§ What is needed: Your task is to return exactly the lines that run from the one containing "How to classify" through the end of the listing below, without any pictures.

§ Dataset excerpt:

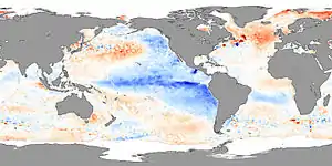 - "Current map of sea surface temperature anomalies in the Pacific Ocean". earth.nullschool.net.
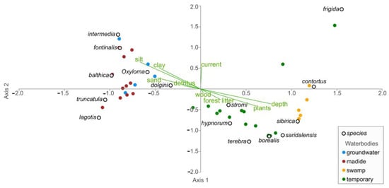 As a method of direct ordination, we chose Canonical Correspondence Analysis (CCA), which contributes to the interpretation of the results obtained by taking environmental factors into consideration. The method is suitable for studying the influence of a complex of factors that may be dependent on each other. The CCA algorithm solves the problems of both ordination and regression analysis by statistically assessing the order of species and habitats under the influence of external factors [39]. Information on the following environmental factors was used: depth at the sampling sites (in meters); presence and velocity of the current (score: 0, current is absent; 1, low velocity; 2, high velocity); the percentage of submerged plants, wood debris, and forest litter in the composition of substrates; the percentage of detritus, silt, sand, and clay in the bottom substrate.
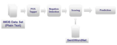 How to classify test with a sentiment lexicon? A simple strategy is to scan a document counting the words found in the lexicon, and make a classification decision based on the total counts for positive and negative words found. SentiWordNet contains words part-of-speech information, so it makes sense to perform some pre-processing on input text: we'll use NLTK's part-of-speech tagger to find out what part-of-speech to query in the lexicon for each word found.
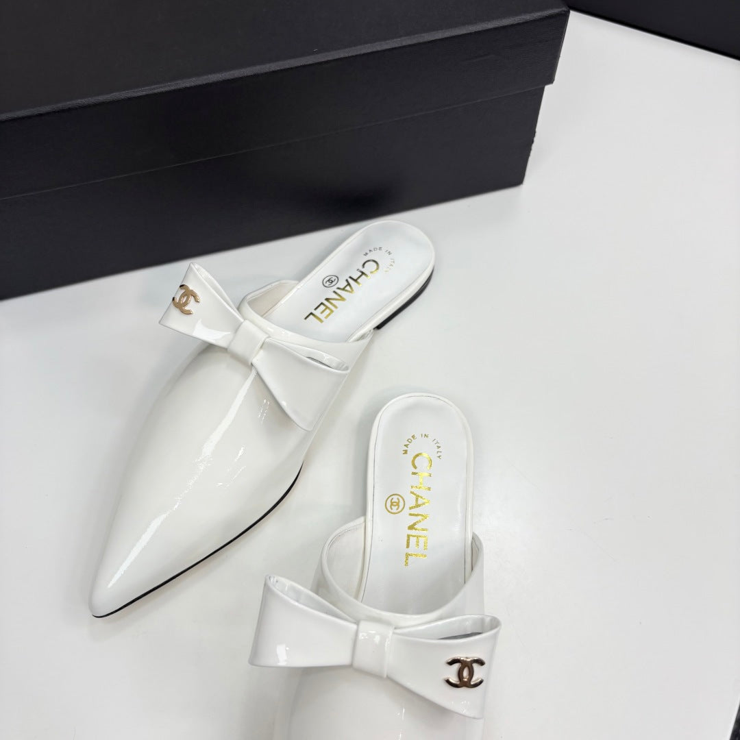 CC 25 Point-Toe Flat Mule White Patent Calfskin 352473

§ Finished task:
 How to classify test with a sentiment lexicon? A simple strategy is to scan a document counting the words found in the lexicon, and make a classification decision based on the total counts for positive and negative words found. SentiWordNet contains words part-of-speech information, so it makes sense to perform some pre-processing on input text: we'll use NLTK's part-of-speech tagger to find out what part-of-speech to query in the lexicon for each word found.
 CC 25 Point-Toe Flat Mule White Patent Calfskin 352473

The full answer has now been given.